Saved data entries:

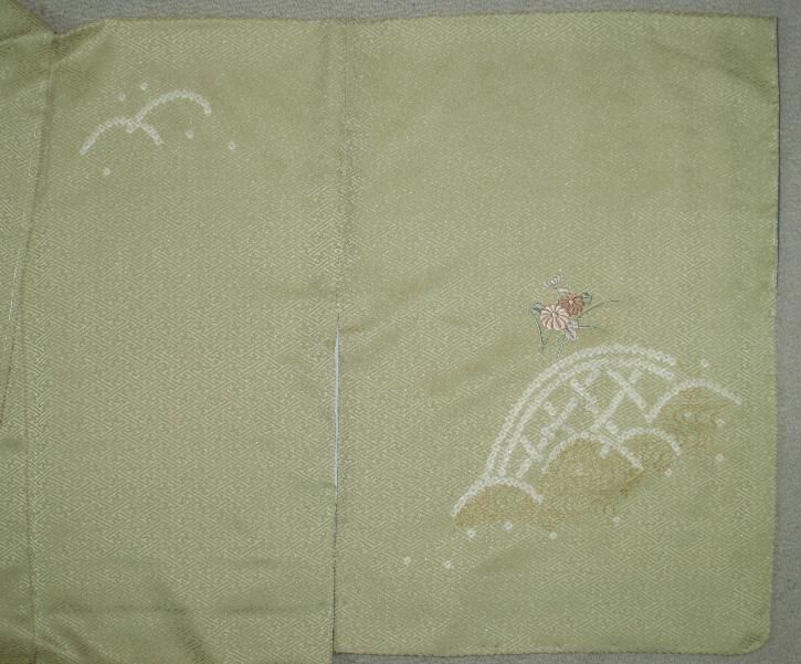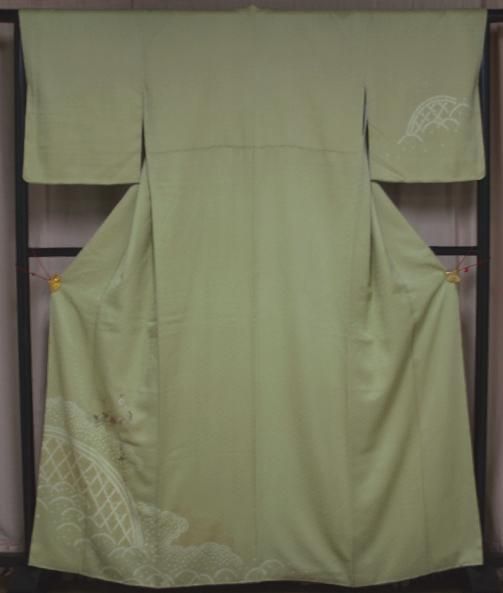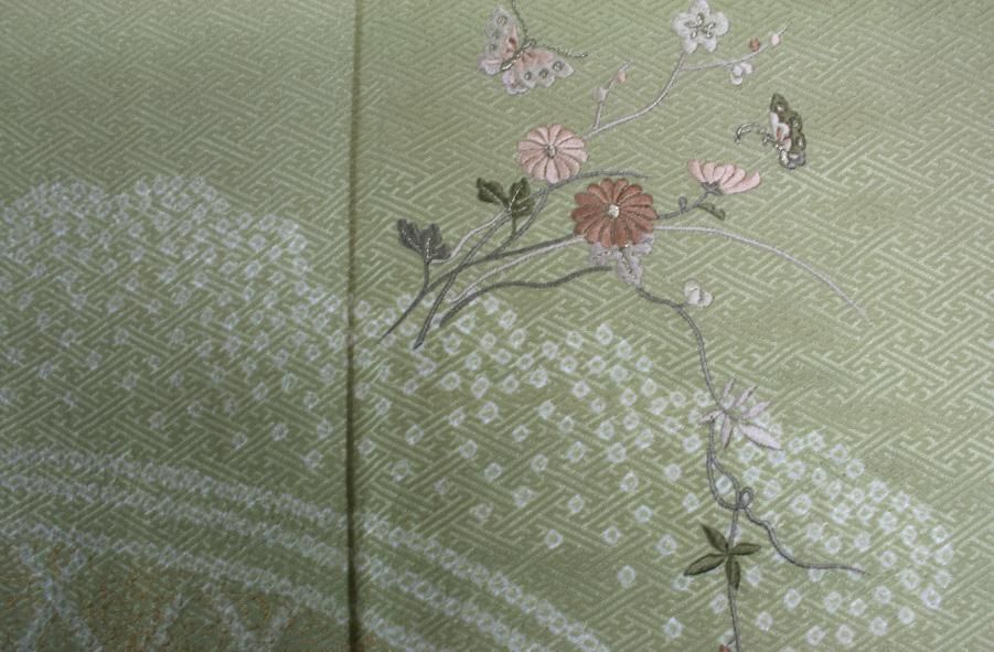 未使用の若菜色絞りに刺繍付け下げ着物
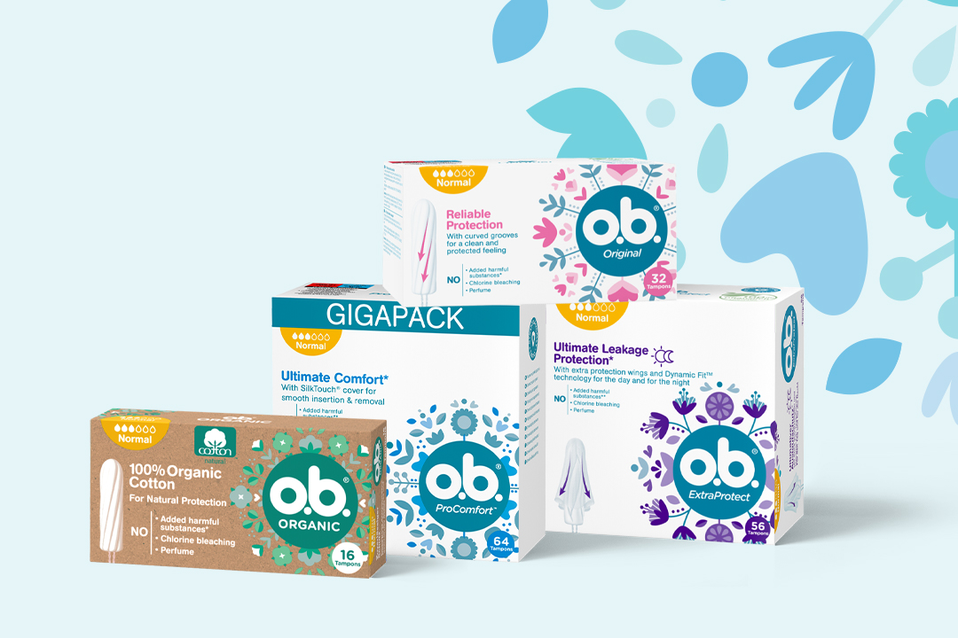 40 zemí světa. Pro miliony žen a dívek jsou tampony nedílnou součástí jejich života. Vy důvěřujete kvalitě značky o.b.® a my usilovně pracujeme na tom, abychom si tuto důvěru udrželi. Více informací o výrobě a složkách použitých v našich tamponech najdeš v sekci Složení.
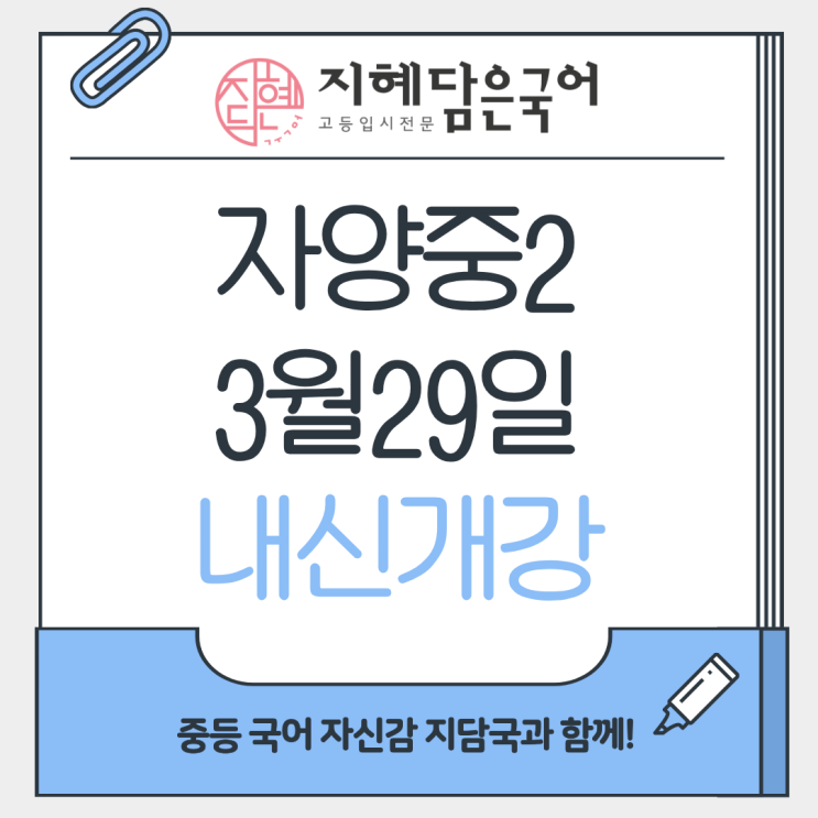 자양중 2학년 중간고사 내신 대비반 3월 29일 일요일 오후 1시 개강 자세한 사항은 학원으로 문의 바랍니다! 02-6398-5158 <img src="https://blogthumb.pstatic.net/MjAyNjAzMDRfNTMg/MDAxNzcyNjAzNjk0NjQ5.0tAqw3x6e2vcX_yhDnaQf0SFnvV_sC6uy94qVRzVi6Eg.fPrEZv3n8JiZsL_AakJcV7EAV8BFZ9lrCQauDfh41VMg.PNG/1.png?type=s3" />
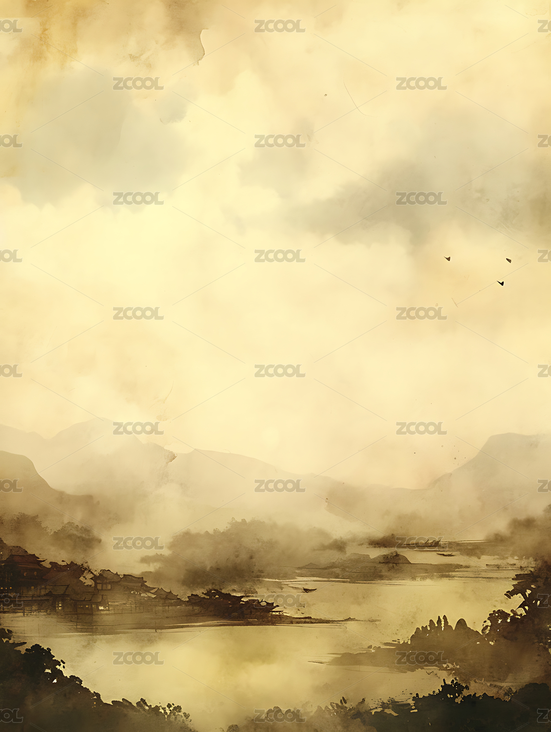 古风水墨高清色彩电商背景
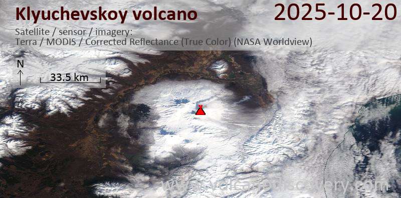 Veröffentlicht am 2025-10-20 von global-affairKlyuchevskoy Volcano Volcanic Ash Advisory: VA AT 20251020/0530Z FL170 EXTD ENE MOV 10KT REPORTED Satellite image of Klyuchevskoy volcano on 20 Oct 2025
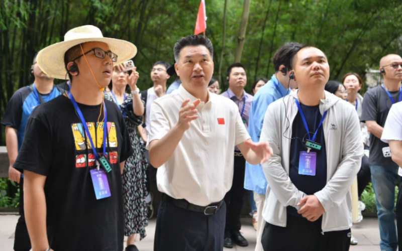 “大足石刻是一本教科书,是一册连环画,是一个有温度、有价值的美的存在……在大足石刻中,你能够感受到文化的流淌、人性的光芒、政德的力量。”现场,大足区委副书记罗晓春当起“导游”,带领大家在悠悠山谷中倾听石窟里流淌着的历史的声音。

To do: Repeat exactly the line containing "40 zemí světa." and every line after it through the end of the records, and nothing else. Leave the pictures out.

Completed task:
 40 zemí světa. Pro miliony žen a dívek jsou tampony nedílnou součástí jejich života. Vy důvěřujete kvalitě značky o.b.® a my usilovně pracujeme na tom, abychom si tuto důvěru udrželi. Více informací o výrobě a složkách použitých v našich tamponech najdeš v sekci Složení.
 자양중 2학년 중간고사 내신 대비반 3월 29일 일요일 오후 1시 개강 자세한 사항은 학원으로 문의 바랍니다! 02-6398-5158 <img src="https://blogthumb.pstatic.net/MjAyNjAzMDRfNTMg/MDAxNzcyNjAzNjk0NjQ5.0tAqw3x6e2vcX_yhDnaQf0SFnvV_sC6uy94qVRzVi6Eg.fPrEZv3n8JiZsL_AakJcV7EAV8BFZ9lrCQauDfh41VMg.PNG/1.png?type=s3" />
 古风水墨高清色彩电商背景
 Veröffentlicht am 2025-10-20 von global-affairKlyuchevskoy Volcano Volcanic Ash Advisory: VA AT 20251020/0530Z FL170 EXTD ENE MOV 10KT REPORTED Satellite image of Klyuchevskoy volcano on 20 Oct 2025
 “大足石刻是一本教科书,是一册连环画,是一个有温度、有价值的美的存在……在大足石刻中,你能够感受到文化的流淌、人性的光芒、政德的力量。”现场,大足区委副书记罗晓春当起“导游”,带领大家在悠悠山谷中倾听石窟里流淌着的历史的声音。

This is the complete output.